[Start of Attachment]

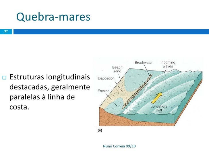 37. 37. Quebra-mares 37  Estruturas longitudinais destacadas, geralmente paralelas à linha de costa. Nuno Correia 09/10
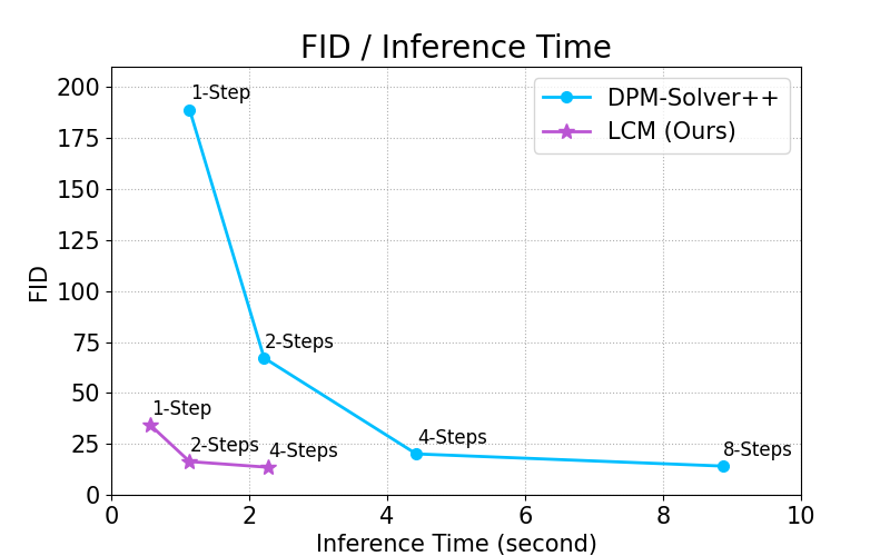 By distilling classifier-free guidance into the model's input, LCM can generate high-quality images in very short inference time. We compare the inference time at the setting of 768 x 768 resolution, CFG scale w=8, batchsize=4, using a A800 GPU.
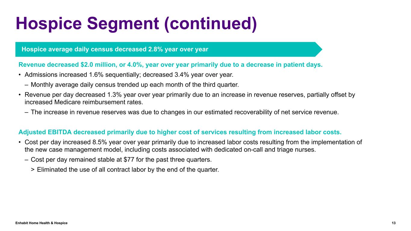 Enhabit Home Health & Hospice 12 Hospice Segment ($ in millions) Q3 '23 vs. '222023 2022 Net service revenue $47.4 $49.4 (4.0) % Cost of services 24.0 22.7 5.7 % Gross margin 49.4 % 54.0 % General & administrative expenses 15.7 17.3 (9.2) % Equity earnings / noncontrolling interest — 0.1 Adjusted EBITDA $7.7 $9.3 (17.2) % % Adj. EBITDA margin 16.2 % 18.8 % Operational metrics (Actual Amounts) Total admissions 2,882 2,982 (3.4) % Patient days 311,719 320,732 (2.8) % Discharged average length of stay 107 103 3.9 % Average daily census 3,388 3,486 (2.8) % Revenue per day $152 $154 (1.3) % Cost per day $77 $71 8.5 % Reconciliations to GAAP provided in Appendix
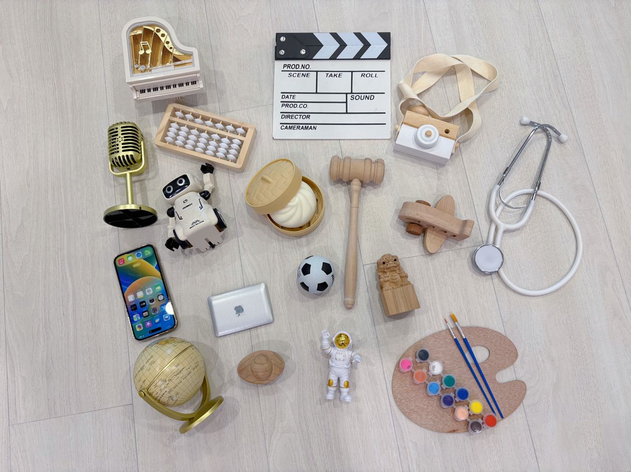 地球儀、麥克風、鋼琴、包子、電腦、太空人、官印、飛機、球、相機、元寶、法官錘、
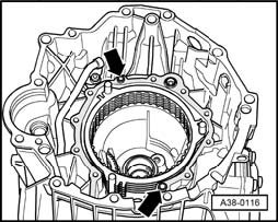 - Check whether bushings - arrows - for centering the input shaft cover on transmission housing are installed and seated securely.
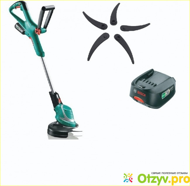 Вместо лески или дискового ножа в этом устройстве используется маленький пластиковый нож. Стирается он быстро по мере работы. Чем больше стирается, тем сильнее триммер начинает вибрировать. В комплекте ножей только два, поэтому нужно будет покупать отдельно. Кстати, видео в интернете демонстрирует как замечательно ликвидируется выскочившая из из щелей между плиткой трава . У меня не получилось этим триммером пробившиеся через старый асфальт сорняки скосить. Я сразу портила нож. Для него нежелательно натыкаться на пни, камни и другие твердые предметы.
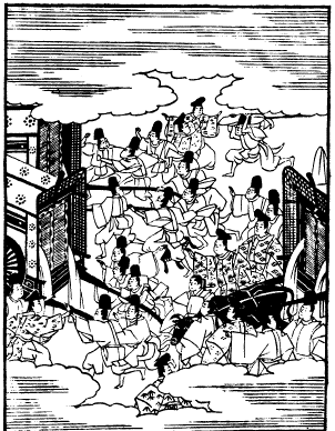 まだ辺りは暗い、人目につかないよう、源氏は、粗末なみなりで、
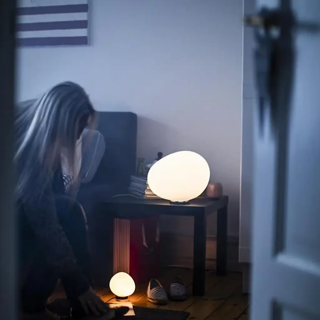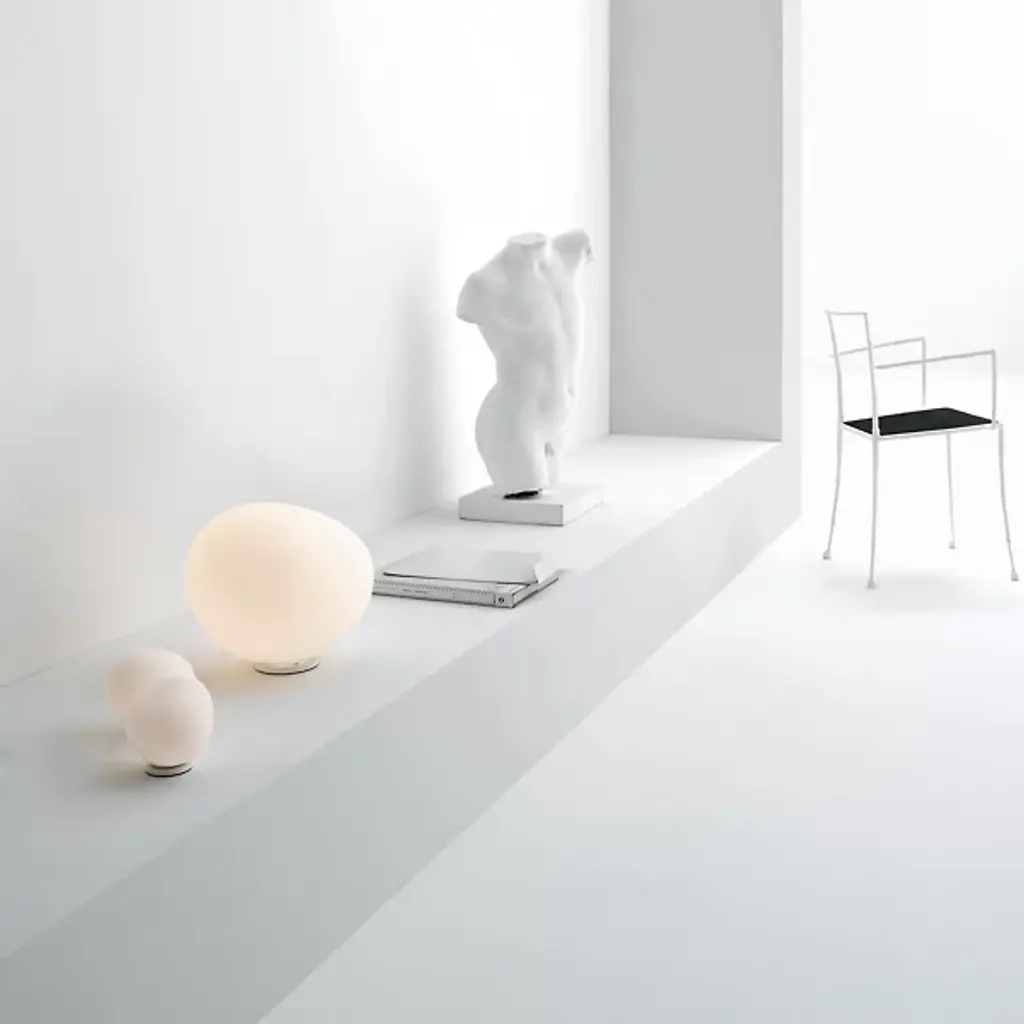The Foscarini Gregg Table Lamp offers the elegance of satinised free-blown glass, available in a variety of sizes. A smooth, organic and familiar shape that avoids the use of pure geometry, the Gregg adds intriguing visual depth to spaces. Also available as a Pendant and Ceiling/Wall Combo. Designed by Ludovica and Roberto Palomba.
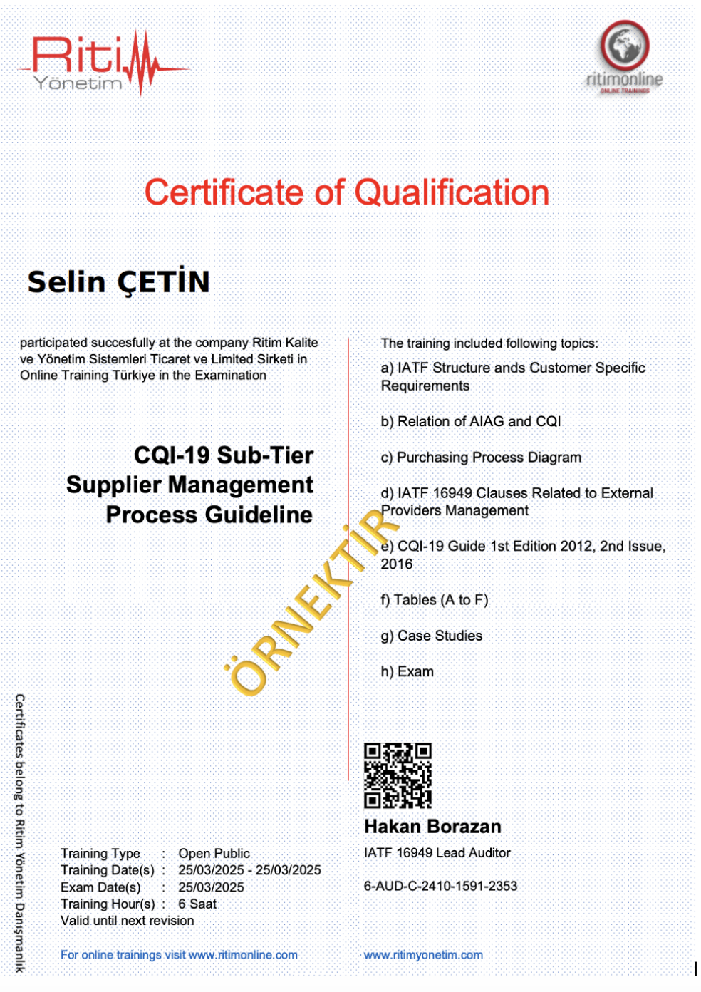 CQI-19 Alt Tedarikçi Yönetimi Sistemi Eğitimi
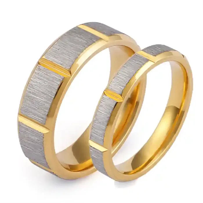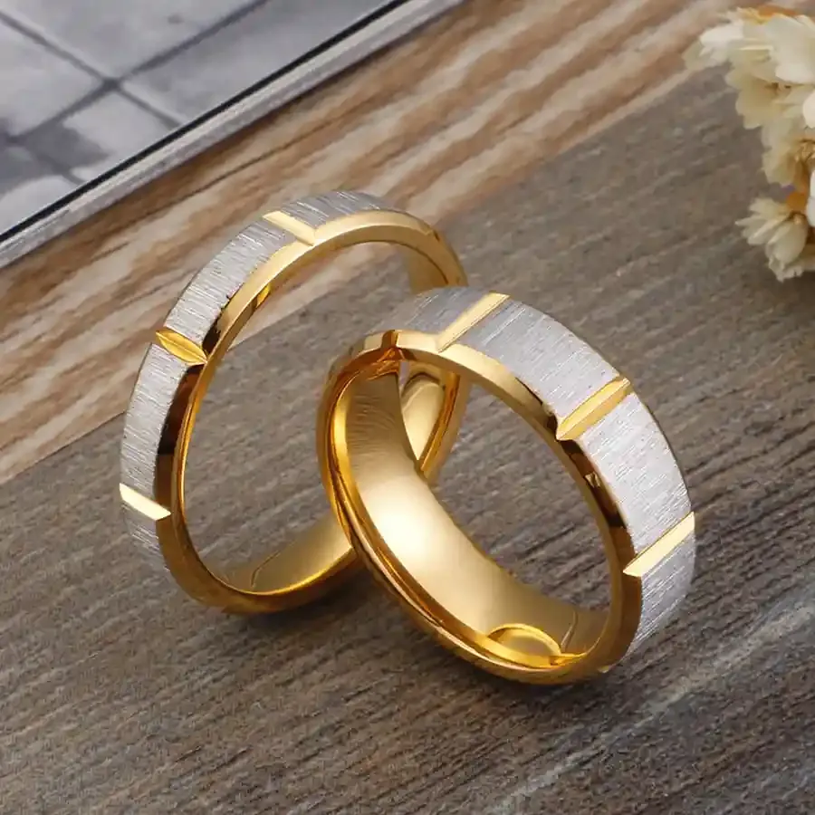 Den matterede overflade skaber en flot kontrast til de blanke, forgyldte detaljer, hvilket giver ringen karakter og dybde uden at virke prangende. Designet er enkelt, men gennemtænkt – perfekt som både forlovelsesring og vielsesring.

[End of Attachment]
[Start of Attachment]

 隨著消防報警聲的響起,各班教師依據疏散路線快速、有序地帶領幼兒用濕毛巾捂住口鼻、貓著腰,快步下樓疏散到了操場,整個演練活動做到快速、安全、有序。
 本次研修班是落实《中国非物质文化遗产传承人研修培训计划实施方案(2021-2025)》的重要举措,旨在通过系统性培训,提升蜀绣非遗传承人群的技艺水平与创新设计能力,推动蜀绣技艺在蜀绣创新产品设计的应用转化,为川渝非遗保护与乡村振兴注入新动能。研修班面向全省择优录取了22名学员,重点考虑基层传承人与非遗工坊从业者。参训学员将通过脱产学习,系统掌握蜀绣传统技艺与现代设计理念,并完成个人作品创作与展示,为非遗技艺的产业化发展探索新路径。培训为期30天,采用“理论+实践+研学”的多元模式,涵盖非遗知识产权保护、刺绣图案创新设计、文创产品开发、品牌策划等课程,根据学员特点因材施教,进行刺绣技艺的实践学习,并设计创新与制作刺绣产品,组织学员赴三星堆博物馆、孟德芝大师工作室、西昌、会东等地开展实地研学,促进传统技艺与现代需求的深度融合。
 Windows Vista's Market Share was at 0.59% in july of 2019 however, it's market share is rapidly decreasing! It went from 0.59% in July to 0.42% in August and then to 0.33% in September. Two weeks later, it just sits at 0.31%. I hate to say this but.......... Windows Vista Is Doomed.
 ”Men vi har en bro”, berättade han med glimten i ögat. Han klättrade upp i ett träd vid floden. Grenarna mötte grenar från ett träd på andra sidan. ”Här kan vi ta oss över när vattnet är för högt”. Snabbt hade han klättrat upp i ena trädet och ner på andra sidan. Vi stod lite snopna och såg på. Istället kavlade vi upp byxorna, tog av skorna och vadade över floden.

[End of Attachment]

THE PROBLEM ::
In the data above, find the line with "Enhabit Home Health" and the line with "- Check whether". Please copy exactly those two lines and every line between them, but not the pictures.

RESULT OF THIS TASK ::
 Enhabit Home Health & Hospice 12 Hospice Segment ($ in millions) Q3 '23 vs. '222023 2022 Net service revenue $47.4 $49.4 (4.0) % Cost of services 24.0 22.7 5.7 % Gross margin 49.4 % 54.0 % General & administrative expenses 15.7 17.3 (9.2) % Equity earnings / noncontrolling interest — 0.1 Adjusted EBITDA $7.7 $9.3 (17.2) % % Adj. EBITDA margin 16.2 % 18.8 % Operational metrics (Actual Amounts) Total admissions 2,882 2,982 (3.4) % Patient days 311,719 320,732 (2.8) % Discharged average length of stay 107 103 3.9 % Average daily census 3,388 3,486 (2.8) % Revenue per day $152 $154 (1.3) % Cost per day $77 $71 8.5 % Reconciliations to GAAP provided in Appendix
 地球儀、麥克風、鋼琴、包子、電腦、太空人、官印、飛機、球、相機、元寶、法官錘、
 - Check whether bushings - arrows - for centering the input shaft cover on transmission housing are installed and seated securely.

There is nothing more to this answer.